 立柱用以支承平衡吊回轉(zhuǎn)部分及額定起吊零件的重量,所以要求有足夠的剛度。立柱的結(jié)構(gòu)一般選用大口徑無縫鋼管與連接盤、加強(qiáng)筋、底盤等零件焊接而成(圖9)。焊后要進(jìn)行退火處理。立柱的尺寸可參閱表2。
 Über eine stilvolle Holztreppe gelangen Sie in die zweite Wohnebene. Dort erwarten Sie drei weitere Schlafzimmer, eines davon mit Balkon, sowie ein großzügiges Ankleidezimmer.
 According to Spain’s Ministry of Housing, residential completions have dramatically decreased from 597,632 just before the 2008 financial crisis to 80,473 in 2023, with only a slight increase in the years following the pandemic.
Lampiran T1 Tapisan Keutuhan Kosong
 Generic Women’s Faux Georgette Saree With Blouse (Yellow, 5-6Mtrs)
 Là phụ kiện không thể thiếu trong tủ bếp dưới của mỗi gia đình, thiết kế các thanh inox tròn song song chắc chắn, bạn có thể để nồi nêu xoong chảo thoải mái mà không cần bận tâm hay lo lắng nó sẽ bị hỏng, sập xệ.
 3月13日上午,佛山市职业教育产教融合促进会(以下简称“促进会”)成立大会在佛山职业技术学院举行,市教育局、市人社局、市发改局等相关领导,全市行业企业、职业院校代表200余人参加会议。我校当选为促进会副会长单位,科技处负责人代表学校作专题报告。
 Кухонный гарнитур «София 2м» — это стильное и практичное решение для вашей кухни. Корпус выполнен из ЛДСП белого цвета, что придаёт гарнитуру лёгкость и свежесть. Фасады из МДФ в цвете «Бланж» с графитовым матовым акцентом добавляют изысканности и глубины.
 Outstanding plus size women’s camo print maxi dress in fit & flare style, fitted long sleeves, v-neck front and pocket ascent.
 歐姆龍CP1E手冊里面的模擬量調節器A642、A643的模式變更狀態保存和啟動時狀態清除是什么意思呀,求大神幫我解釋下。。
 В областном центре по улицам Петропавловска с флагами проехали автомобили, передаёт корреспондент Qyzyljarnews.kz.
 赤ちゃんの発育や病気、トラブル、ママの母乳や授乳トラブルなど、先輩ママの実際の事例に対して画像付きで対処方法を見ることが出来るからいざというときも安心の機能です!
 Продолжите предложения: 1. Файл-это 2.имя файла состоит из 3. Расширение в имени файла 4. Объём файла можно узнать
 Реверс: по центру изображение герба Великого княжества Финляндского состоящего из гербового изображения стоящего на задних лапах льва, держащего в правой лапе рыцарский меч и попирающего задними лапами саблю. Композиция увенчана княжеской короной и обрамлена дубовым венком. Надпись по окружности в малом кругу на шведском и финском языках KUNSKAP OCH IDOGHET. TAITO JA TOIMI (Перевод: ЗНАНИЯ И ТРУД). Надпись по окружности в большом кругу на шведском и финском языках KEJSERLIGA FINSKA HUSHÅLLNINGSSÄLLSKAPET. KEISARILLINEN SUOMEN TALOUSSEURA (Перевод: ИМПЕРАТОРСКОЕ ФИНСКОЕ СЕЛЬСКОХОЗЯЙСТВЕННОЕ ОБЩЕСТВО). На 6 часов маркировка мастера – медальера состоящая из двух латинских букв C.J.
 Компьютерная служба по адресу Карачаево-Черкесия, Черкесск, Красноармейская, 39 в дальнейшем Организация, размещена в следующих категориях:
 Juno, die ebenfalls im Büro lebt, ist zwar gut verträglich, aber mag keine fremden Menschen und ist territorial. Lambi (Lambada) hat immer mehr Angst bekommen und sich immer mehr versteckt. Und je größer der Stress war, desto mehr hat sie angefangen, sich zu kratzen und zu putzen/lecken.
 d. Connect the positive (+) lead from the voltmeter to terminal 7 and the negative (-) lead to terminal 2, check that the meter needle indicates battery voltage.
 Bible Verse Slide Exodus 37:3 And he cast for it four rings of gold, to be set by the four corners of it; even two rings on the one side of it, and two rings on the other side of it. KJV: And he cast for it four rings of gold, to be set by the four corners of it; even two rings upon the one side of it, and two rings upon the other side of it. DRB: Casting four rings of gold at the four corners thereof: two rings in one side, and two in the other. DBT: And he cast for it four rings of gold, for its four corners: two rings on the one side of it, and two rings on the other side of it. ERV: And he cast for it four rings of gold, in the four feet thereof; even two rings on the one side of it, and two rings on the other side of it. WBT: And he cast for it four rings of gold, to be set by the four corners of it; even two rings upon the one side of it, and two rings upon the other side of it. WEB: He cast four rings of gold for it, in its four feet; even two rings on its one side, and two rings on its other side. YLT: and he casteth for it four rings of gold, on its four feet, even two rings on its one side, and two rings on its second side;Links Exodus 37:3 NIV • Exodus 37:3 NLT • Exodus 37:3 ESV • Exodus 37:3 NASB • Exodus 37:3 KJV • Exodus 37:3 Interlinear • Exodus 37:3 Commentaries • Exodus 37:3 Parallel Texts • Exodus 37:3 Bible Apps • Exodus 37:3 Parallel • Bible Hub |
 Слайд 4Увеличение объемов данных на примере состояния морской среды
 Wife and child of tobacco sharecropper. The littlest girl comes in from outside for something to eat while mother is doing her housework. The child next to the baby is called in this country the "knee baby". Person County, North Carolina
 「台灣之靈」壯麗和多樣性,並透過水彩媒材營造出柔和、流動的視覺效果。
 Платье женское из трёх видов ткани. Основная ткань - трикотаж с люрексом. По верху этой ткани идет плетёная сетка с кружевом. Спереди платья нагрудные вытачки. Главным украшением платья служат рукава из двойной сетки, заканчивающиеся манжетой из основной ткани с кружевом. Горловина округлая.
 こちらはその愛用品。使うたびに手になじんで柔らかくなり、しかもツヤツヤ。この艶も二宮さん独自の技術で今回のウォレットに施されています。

◆ **Your assignment**
From the material above, copy exactly the lines between the line holding "赤ちゃんの発育や病気、トラブ" and the line holding "Продолжите предложения: 1.", inclusive, and only those.

◆ **Result of this exercise**
 赤ちゃんの発育や病気、トラブル、ママの母乳や授乳トラブルなど、先輩ママの実際の事例に対して画像付きで対処方法を見ることが出来るからいざというときも安心の機能です!
 Продолжите предложения: 1. Файл-это 2.имя файла состоит из 3. Расширение в имени файла 4. Объём файла можно узнать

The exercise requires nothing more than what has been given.